One of the most exciting and provocative ideas in modern biology is the notion that cells can be "reprogrammed" and engineered to perform a desired function. Yet the ability to manipulate cellular responses is still quite limited in two key ways. First, researchers have not deciphered the instructions used by cells to adopt a particular response. Second, even if researchers perfectly knew which instructions to provide, they lack the tools to deliver them to a particular cell of interest, at a precise time, without affecting its neighbors. This research will address both of these key challenges by studying a protein, Erk, that plays a fundamental role in organizing cell decisions in all multicellular organisms. This project will rely on a combination of cutting-edge tools: live-cell biosensors to measure natural Erk responses and engineered, light-sensitive proteins to alter Erk activity at precise times and locations in a tissue. This comprehensive understanding of how Erk activity patterns control responses at the cell, tissues, and whole organism scales and how one can alter those patterns to control cell fate. These studies will be integrated with an education plan to train the next generation of quantitative biologists and to foster early exposure to research for historically underrepresented students.
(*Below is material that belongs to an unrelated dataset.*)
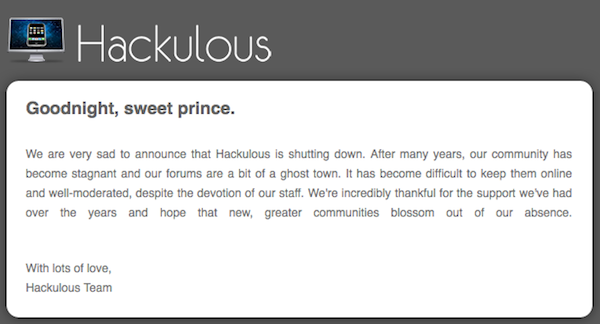 We are very sad to announce that Hackulous is shutting down. After many years, our community has become stagnant and our forums are a bit of a ghost town. It has become difficult to keep them online and well-moderated, despite the devotion of our staff. We’re incredibly thankful for the support we’ve had over the years and hope that new, greater communities blossom out of our absence.

The long-term goal of the researcher's lab is to address two fundamental problems in cellular systems biology. How are a small number of highly conserved signaling pathways repurposed in different cell types and organisms to encode information about the external world? Which features of the signals sent by these pathways are sufficient to specify cell-, tissue-, and organism-level phenotypes? Fulfilling these two aims will help to bridge the gap from a static genotype to complex multicellular phenotypes and define the computations that are carried out by the groups of proteins that work together to process cellular information. The research plan is focused on an extensively studied signaling pathway, the Erk pathway, which plays essential roles across eukaryotic organisms. Although the individual proteins comprising the pathway have been thoroughly studied by genetic and biochemical approaches, live-cell Erk biosensors have recently revealed exquisite spatiotemporal patterns of activity: oscillations in individual cells, propagating waves across tissues, and a fast succession of spatial patterns during embryogenesis. The work will dissect these ornate patterns using a combination of quantitative measurements and highly controlled optogenetic inputs that can be used to activate Erk signaling in any spatial or temporal pattern. In particular, the research seeks to: (1) dissect the mechanism that generates pulses of Erk activity in a laboratory model of the epidermis; (2) determine how Erk dynamics control gene expression and cell fate in epidermal cells; and (3) unravel how Erk signaling affects tissue morphogenesis in the developing fly embryo, where exquisite signaling patterns appear over time and in 3D space throughout the organism. The research is complemented by an education plan directed at broadening the early-stage research opportunities available to undergraduates, particularly historically underrepresented students, and at disseminating the tools of quantitative biology and optogenetics to the next generation of cell and developmental biology trainees. The Project is jointly funded by Molecular and Cellular Biosciences and Integrative Organismal Systems, with additional support provided by the Directorate's Rule of Life Venture Fund.
This award reflects NSF's statutory mission and has been deemed worthy of support through evaluation using the Foundation's intellectual merit and broader impacts review criteria.